Baird said broadband and data traffic has been rising particularly during the evening – prime time for video streaming – and when major government announcements are being streamed live.

The millions of dollars Vodafone invested in Rugby World Cup streaming last year meant that the systems were well-placed to handle the increased demand, which will also be affected by higher video-game usage, he said.

“For example last night (Friday), when the online game Call of Duty released an update, Gbps data throughput almost doubled (+100%) on the Akamai CDN.”

Because of the increased pressure from more people streaming online videos, earlier this week Netflix NZ followed the lead of its European operations and reduced the amount of data it sends over New Zealand’s broadband networks by a quarter, reported the NZ Herald.

“Given the crisis, we’ve developed a way to reduce Netflix’s traffic on telecommunications networks by 25% while also maintaining the quality of our service,” a Netflix spokesperson said.

“So consumers should continue to get the quality that comes with their plan – whether it’s Ultra-High, High or Standard Definition. We believe that this will provide significant relief to congested networks and will be deploying it in New Zealand for the next 30 days.”

Vodafone has also taken action to support customers during the shutdown by removing broadband caps in urban areas and encouraging mobile customers to switch to unlimited data plans.

“We have heard similar calls from rural broadband customers also wanting uncapped data.
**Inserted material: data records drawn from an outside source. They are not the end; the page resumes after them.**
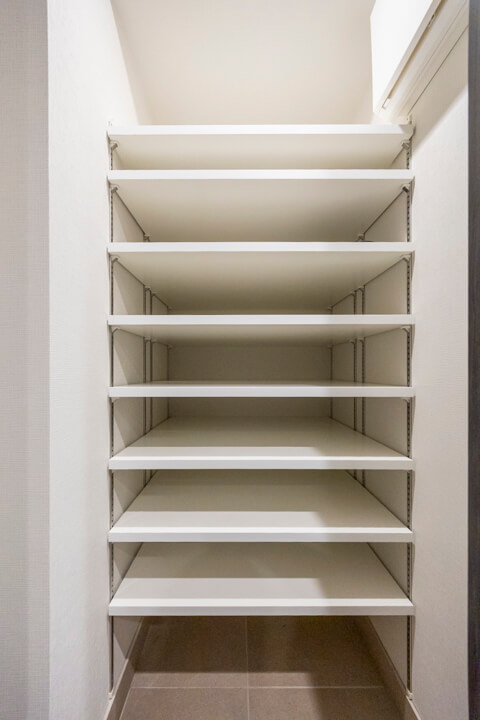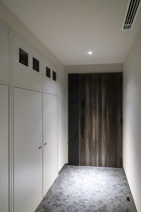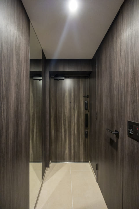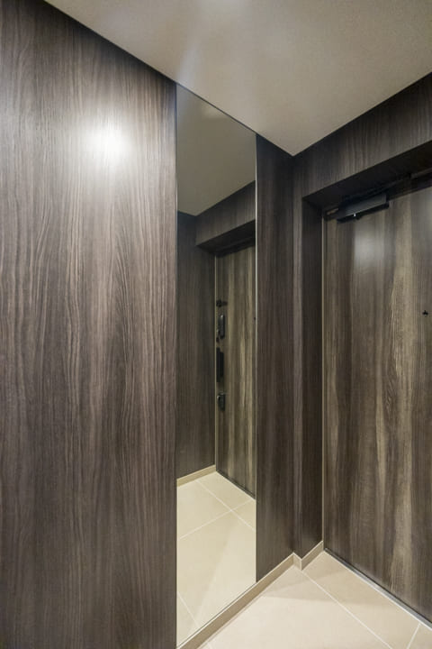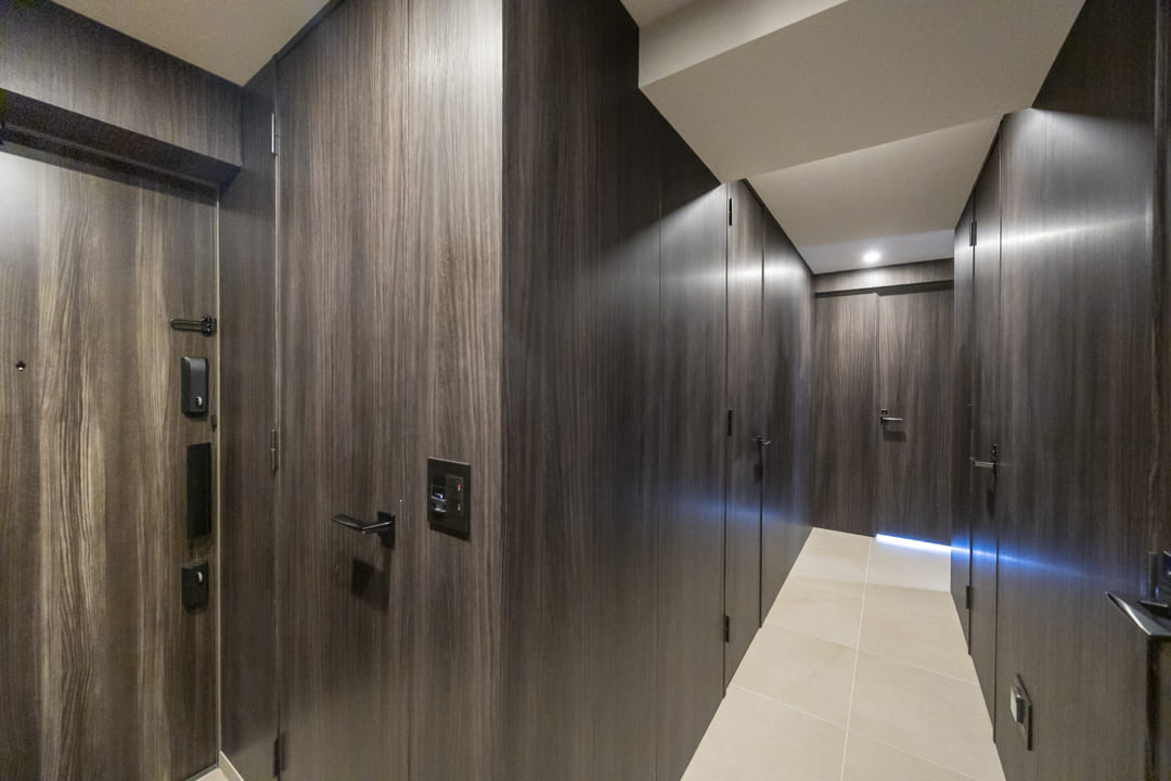木目パネル仕上げで、洗練された木の温もりを感じる玄関ホール。全身鏡が奥行きをもたらし、お出かけ前のコーディネートチェックにも便利です。SIC(シューズインクローゼット)完備で、散らかりがちな靴をすっきり収納可能。廊下には約0.7帖の納戸もあり、季節家電や日用品ストックの収納に重宝しそうです。
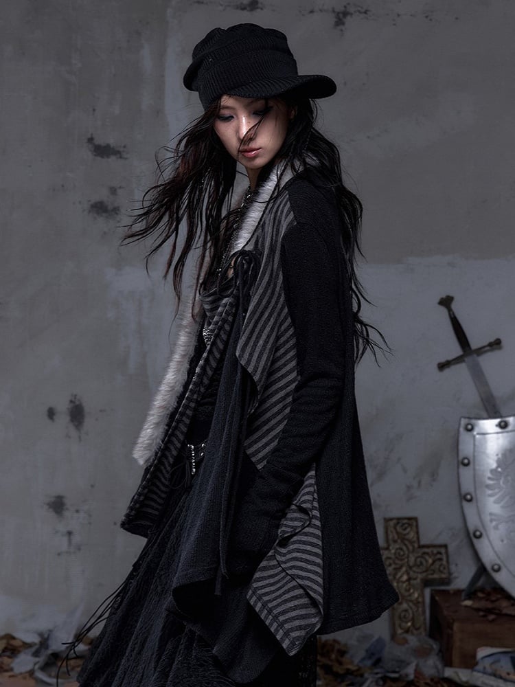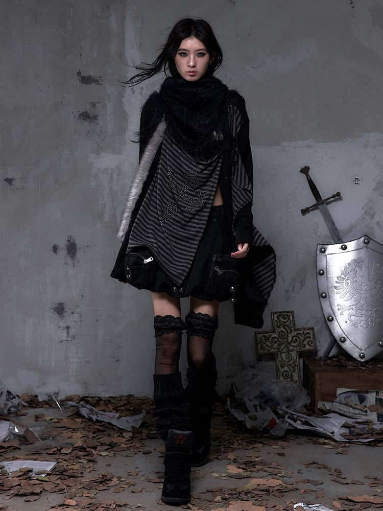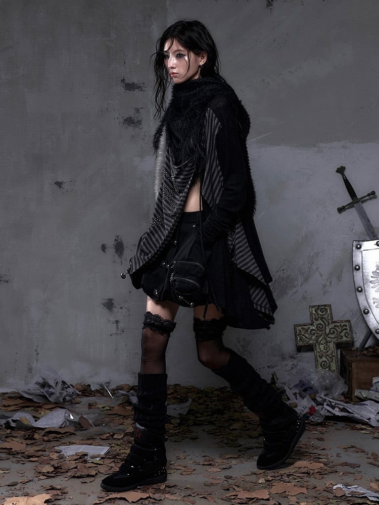 Gray 45cm Leg Warm Striped Knit Black Warmers
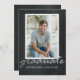 Modern black and white frame Graduation party invitation. Grungy chalkboard background with modern typography. The word graduate in silver script. If you need any help or matching products, please contact us through our store.
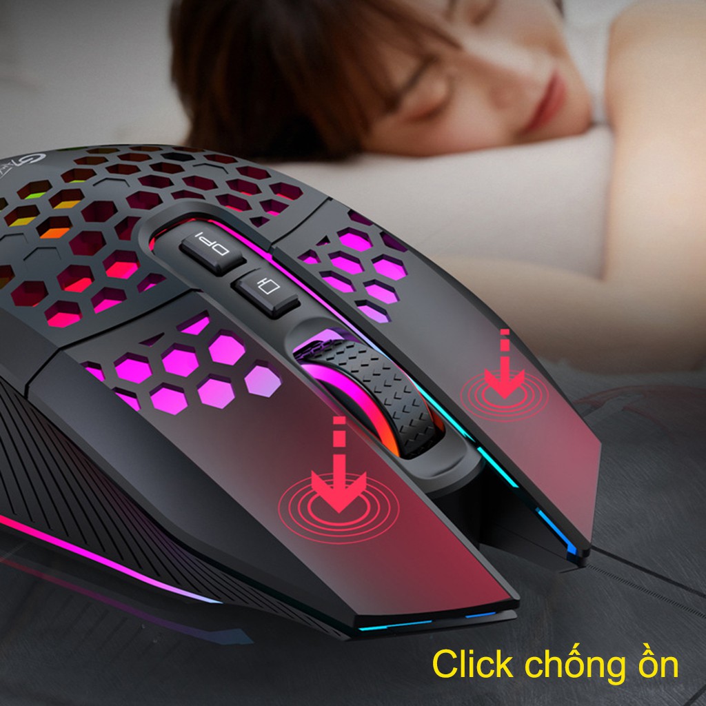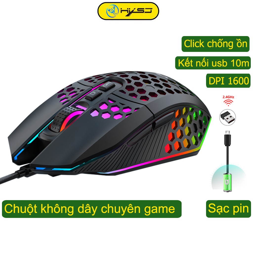 Máy tính & Laptop > Chuột & Bàn Phím > Chuột Máy Tính || Chuột chơi game không dây HXSJ X801 thiết kế độc lạ Led RGB đổi màu click chống ồn DPI 1600 - Hàng chính hãngCòn hàng
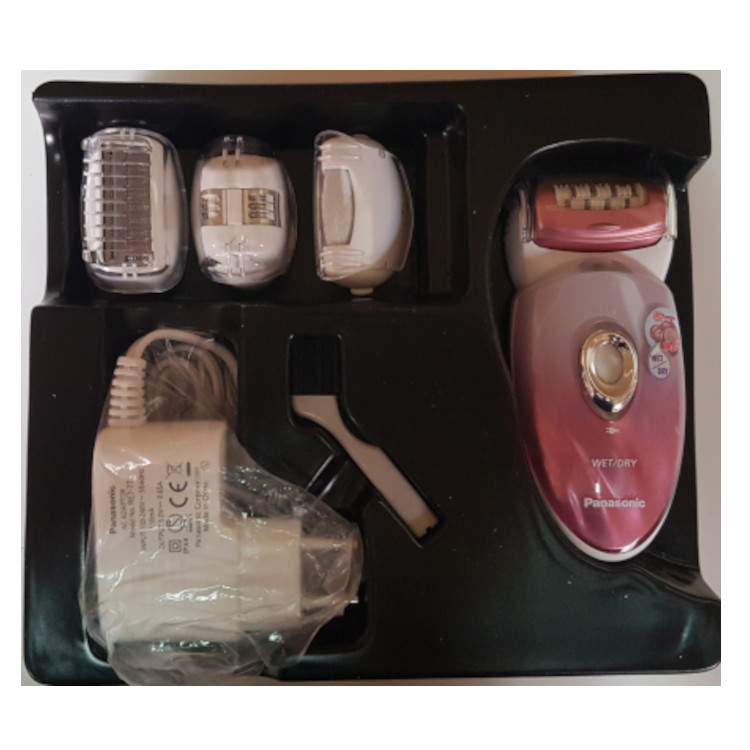 Panasonic Wet & Dry Epilator model ES-ED90-P mit Original Verpackung und Zubehör Lieferumfang: - 1 Epilator - Epilationskopf für Arme und Beine - Epilationskopf für Achsel und Bikinizone - Rasierer - Reinigungspinsel - Ladekabel
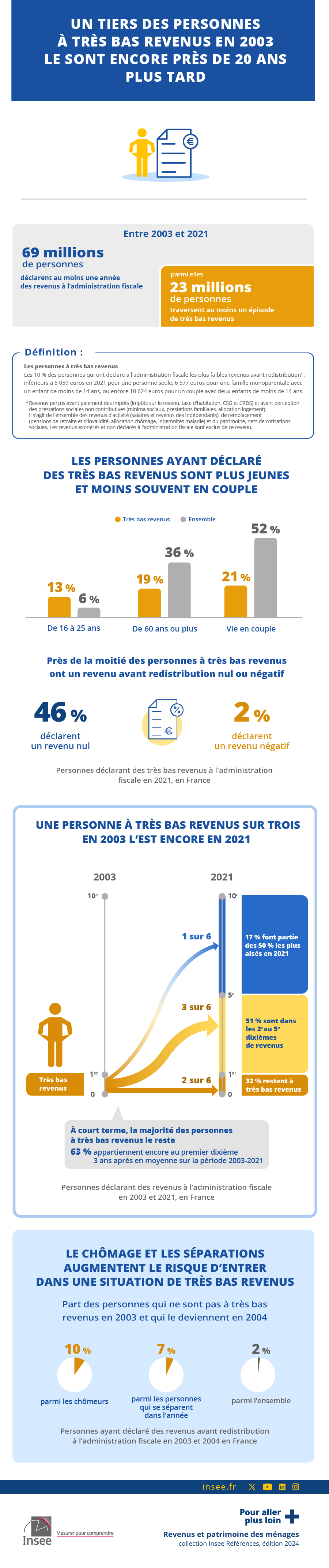 Parmi les personnes déclarant à l’administration fiscale des très bas revenus en 2003, un tiers sont encore dans cette situation en 2021. Sur des périodes plus courtes, la persistance dans le premier dixième de revenus est plus forte : 63 % des personnes du premier dixième une année donnée appartiennent encore à ce dixième trois ans après. La mobilité des personnes à très bas revenus vers les hauts revenus est très faible : seulement 3 % parviennent à se hisser parmi les 30 % les plus aisées trois ans après, et 8 % 18 ans après.

To ensure everyone can get online during the day, we’re unable to lift caps completely – but we’re pleased to now offer unlimited free data overnight, between midnight and 9am,” Baird said.

Vodafone had seen 40% higher than usual data usage during the early hours, indicting the unlimited free data offer has been well received, he said.

However he said government assistance would be needed to bring rural networks up to the standard currently enjoyed by urban broadband customers.

“Longer-term, additional investment into the Rural Broadband Initiative will go a long way to keeping rural customers connected at times of crisis like we currently find ourselves in.”

Baird said Vodafone will be working alongside Spark, 2 Degrees, Chorus and Vocus – all of which have also seen surges in demand – to ensure New Zealanders stay connected digitally while being disconnected physically.